**What needs to be done:** Of the lines below, write out exactly those from the line with "2번의 경우 조회 불가능" through the line with "Braiden Graham of", both included, and skip the rest.

**Provided records:**
········

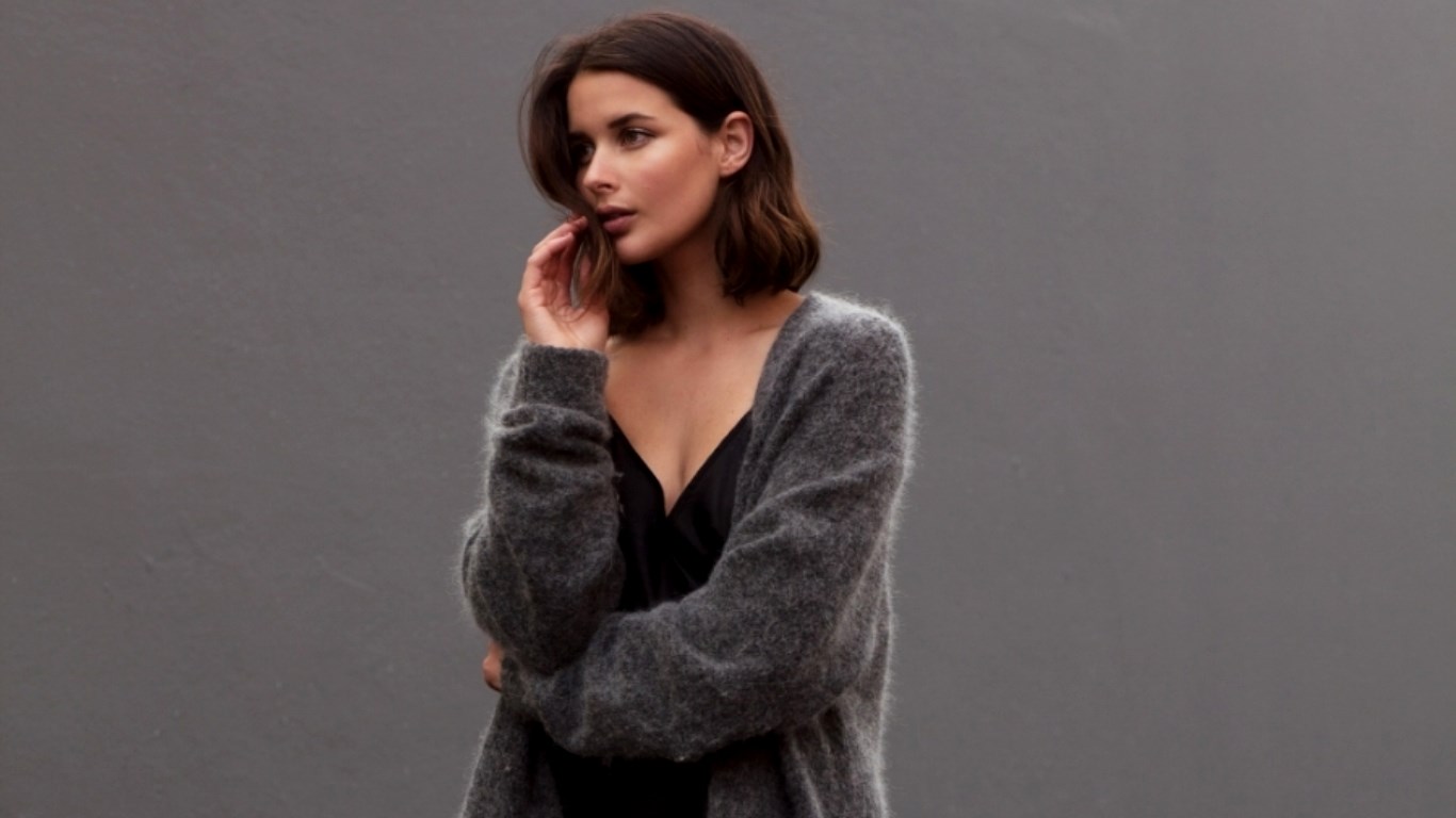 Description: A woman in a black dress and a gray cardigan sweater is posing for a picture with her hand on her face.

········

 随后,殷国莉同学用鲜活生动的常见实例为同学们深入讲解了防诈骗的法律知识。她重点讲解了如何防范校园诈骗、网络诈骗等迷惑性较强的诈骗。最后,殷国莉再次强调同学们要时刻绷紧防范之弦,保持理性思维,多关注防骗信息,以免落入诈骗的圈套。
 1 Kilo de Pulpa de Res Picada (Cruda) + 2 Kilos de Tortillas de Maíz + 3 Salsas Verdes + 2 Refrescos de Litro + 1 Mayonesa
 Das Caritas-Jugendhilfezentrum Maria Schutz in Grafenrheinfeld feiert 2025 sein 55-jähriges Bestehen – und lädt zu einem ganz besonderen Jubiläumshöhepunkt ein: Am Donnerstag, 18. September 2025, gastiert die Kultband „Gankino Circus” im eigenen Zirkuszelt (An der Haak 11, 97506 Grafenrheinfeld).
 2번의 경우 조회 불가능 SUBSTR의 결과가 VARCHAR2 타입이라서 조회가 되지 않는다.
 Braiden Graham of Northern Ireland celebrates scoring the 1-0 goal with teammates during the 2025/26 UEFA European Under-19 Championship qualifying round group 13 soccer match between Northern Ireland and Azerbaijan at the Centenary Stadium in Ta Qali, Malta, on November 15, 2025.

········

**Response:**
 2번의 경우 조회 불가능 SUBSTR의 결과가 VARCHAR2 타입이라서 조회가 되지 않는다.
 Braiden Graham of Northern Ireland celebrates scoring the 1-0 goal with teammates during the 2025/26 UEFA European Under-19 Championship qualifying round group 13 soccer match between Northern Ireland and Azerbaijan at the Centenary Stadium in Ta Qali, Malta, on November 15, 2025.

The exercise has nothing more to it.